### EXERCISE BRIEF
For the records below, output word for word the lines from the one with "Vintage Men's Red" up to and including the one with "Cluster analysis of". No pictures.

### DATA SUPPLIED

──────────

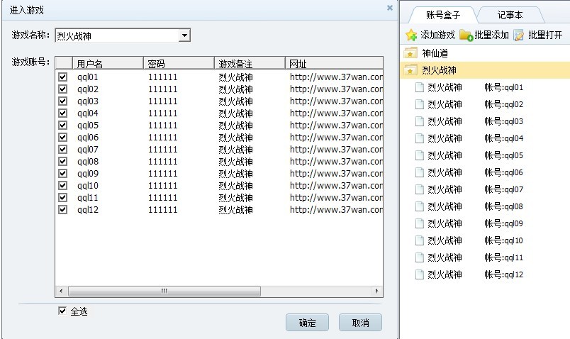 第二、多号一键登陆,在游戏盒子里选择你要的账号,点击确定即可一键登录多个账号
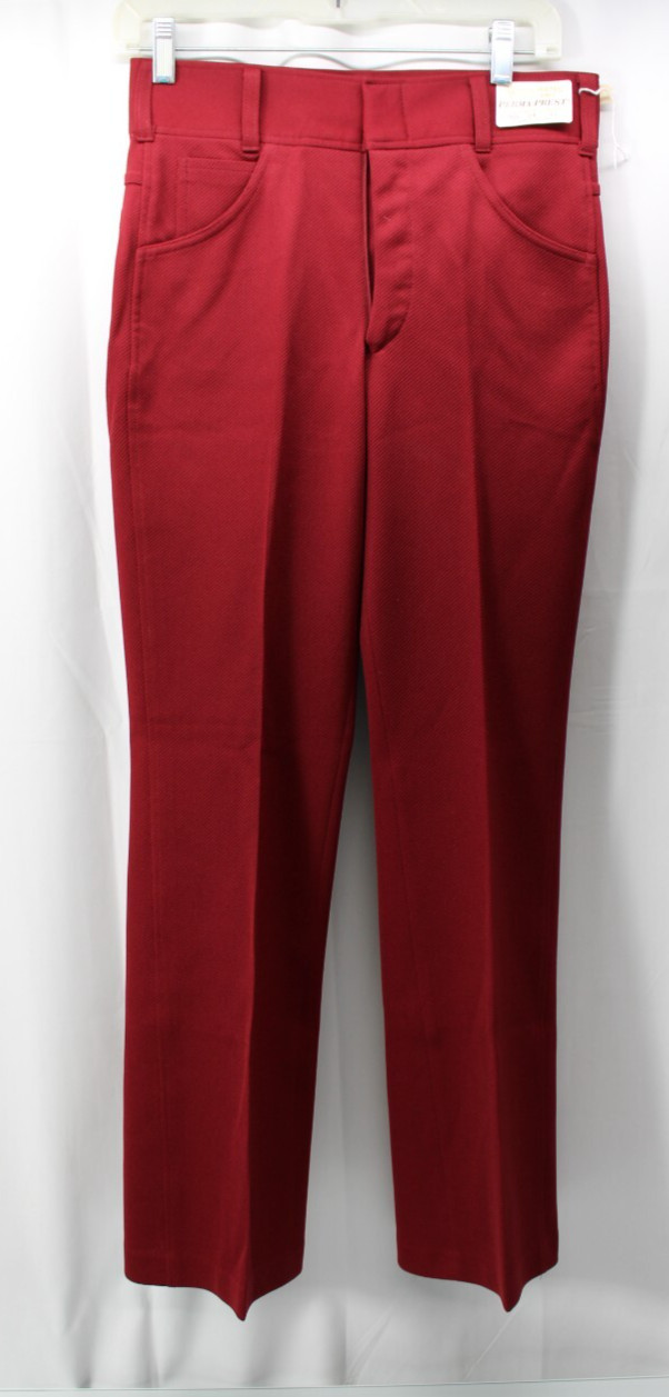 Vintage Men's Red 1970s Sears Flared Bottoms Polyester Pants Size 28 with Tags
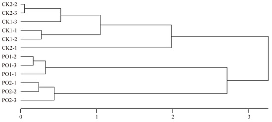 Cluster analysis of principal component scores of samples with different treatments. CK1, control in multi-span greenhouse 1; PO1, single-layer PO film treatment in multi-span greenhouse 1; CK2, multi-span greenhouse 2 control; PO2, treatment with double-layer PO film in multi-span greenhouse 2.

──────────

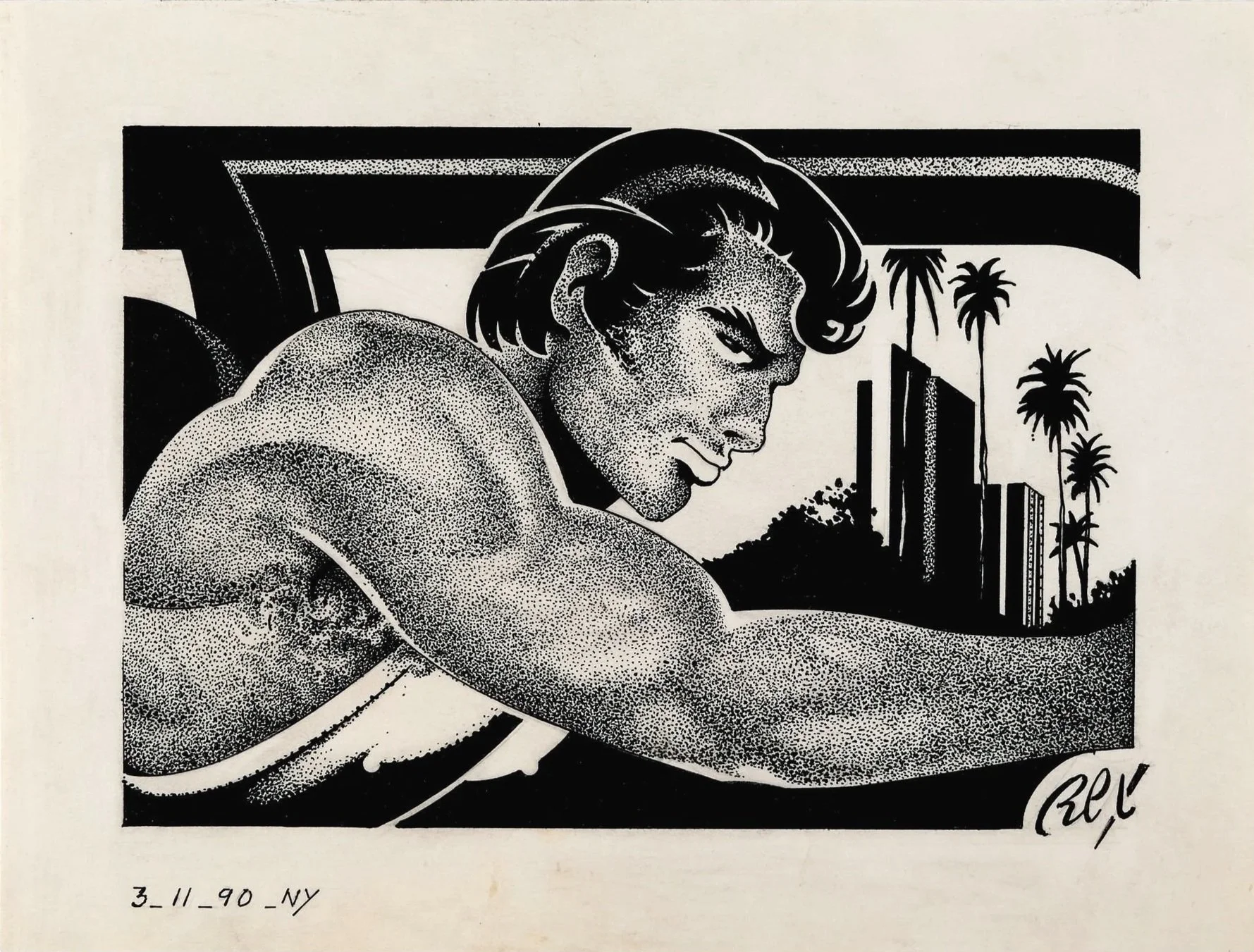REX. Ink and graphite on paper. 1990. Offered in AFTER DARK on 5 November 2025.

──────────

### WRITTEN SOLUTION
 Vintage Men's Red 1970s Sears Flared Bottoms Polyester Pants Size 28 with Tags
 Cluster analysis of principal component scores of samples with different treatments. CK1, control in multi-span greenhouse 1; PO1, single-layer PO film treatment in multi-span greenhouse 1; CK2, multi-span greenhouse 2 control; PO2, treatment with double-layer PO film in multi-span greenhouse 2.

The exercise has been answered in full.